## [DATASET SECTION]
%%
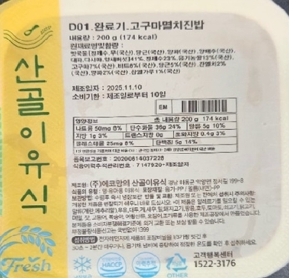 식품의약품안전처(처장 오유경)는 식품제조·가공업체인 ‘(주)에코맘의 산골이유식(경남 하동군 소재)’이 제조·판매한 ‘고구마멸치진밥(식품유형 : 영·유아용 이유식)’에서 세균수가 기준치 보다 초과 검출되어 해당 제품을 판매 중단하고 회수 조치한다고 밝혔다.
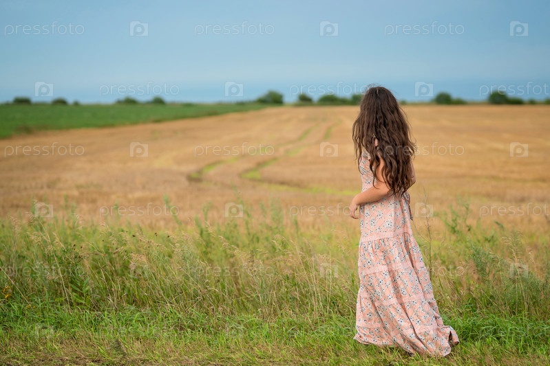 Красивая молодая девушка гуляет по полю. Девушка в деревенском платье с длинными волосами стоит спиной к камере
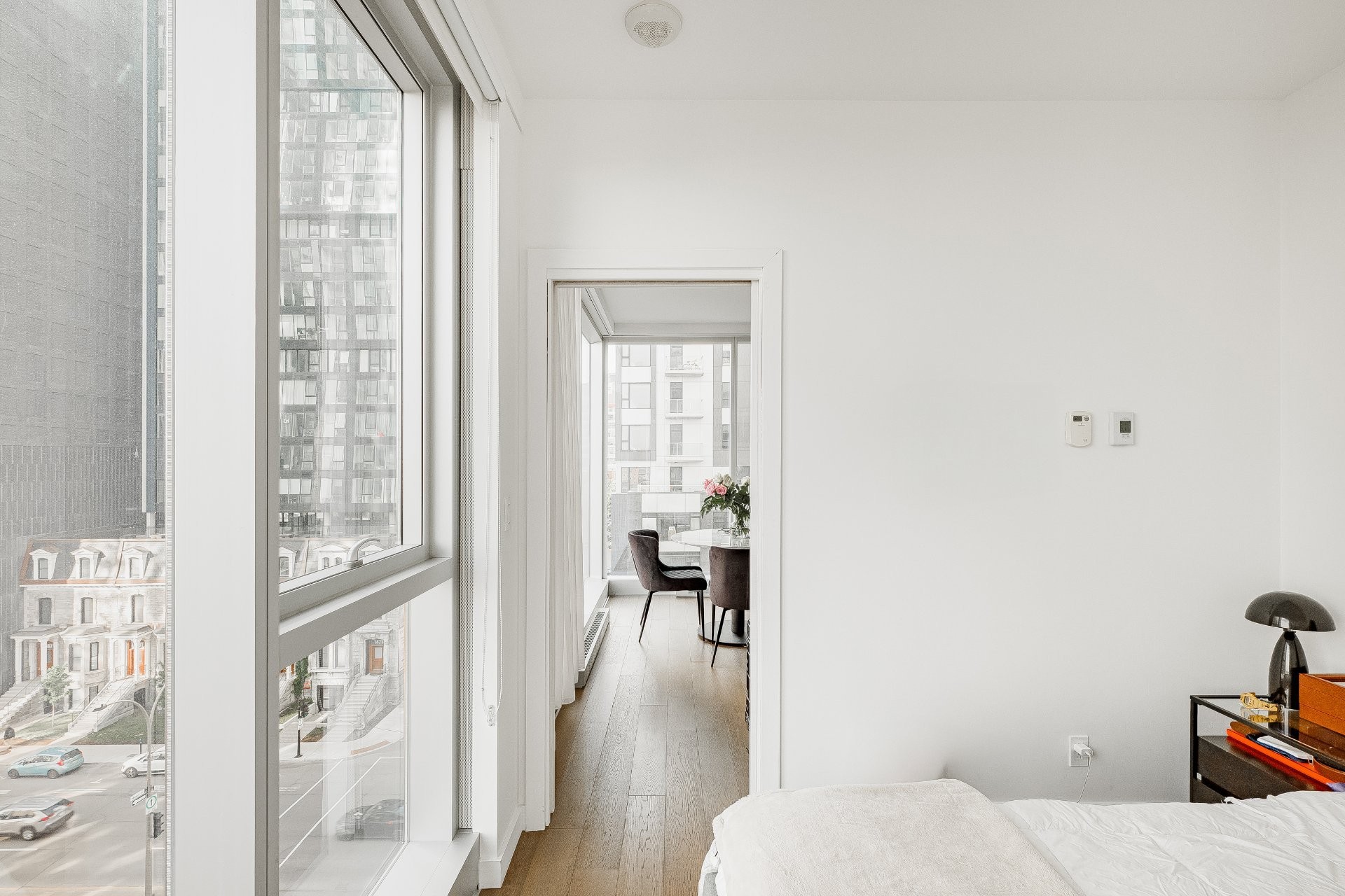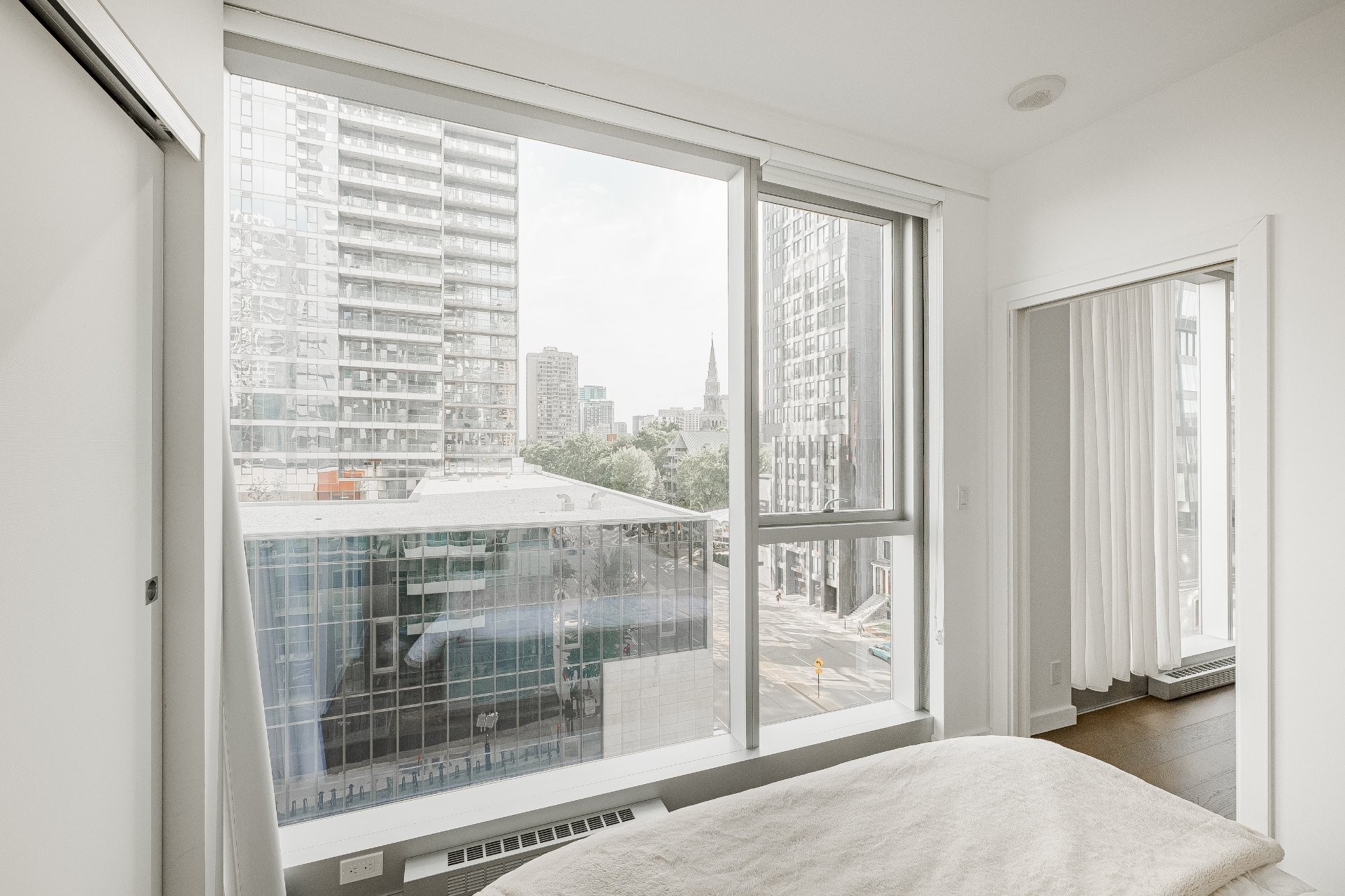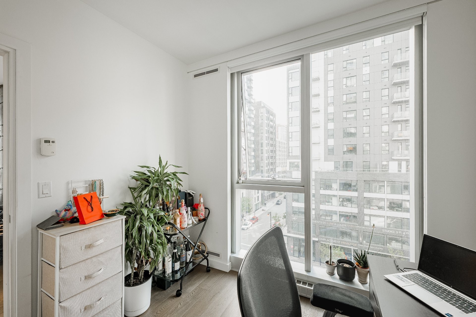 Welcome to this bright and modern corner unit located in the prestigious YUL development in the heart of downtown Montreal. Situated on the 7th floor, this 2-bedroom, 1-bathroom condo offers approximately 730 sq. ft. of intelligently designed living space. Key Features of the Unit:
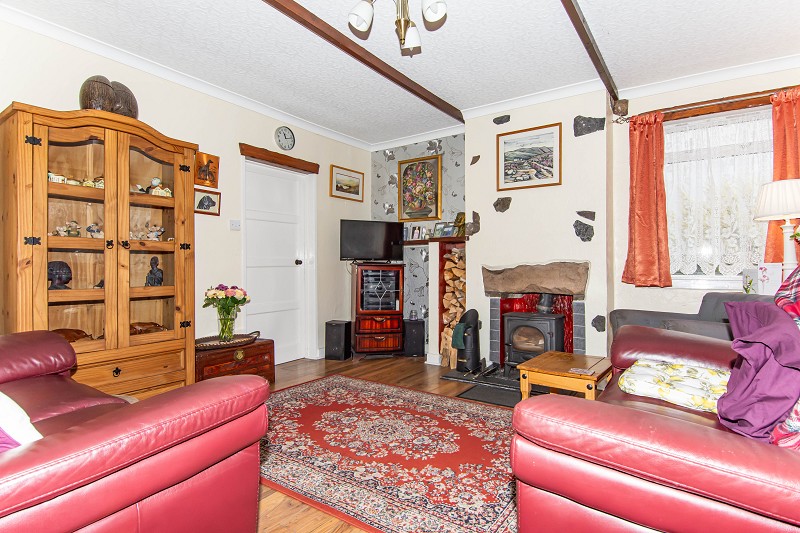 This lovely room has a feature papered wall and oak laminate flooring. There are exposed ceiling beams and coving. The multi-fuel stove creates a focal point within the lounge which also benefits from a central heating radiator, a ceiling rose and a triple light fitting. There is a useful wood store to the side of the fireplace as well as wall mounted shelving. This is a bright room that also benefits from dual aspect windows.
%%
## [DIRECTIONS]
Pictures stay out; output the lines from the top of the listing above through the line containing "Красивая молодая девушка", exactly as they stand.

## [RESULT BELOW]
 식품의약품안전처(처장 오유경)는 식품제조·가공업체인 ‘(주)에코맘의 산골이유식(경남 하동군 소재)’이 제조·판매한 ‘고구마멸치진밥(식품유형 : 영·유아용 이유식)’에서 세균수가 기준치 보다 초과 검출되어 해당 제품을 판매 중단하고 회수 조치한다고 밝혔다.
 Красивая молодая девушка гуляет по полю. Девушка в деревенском платье с длинными волосами стоит спиной к камере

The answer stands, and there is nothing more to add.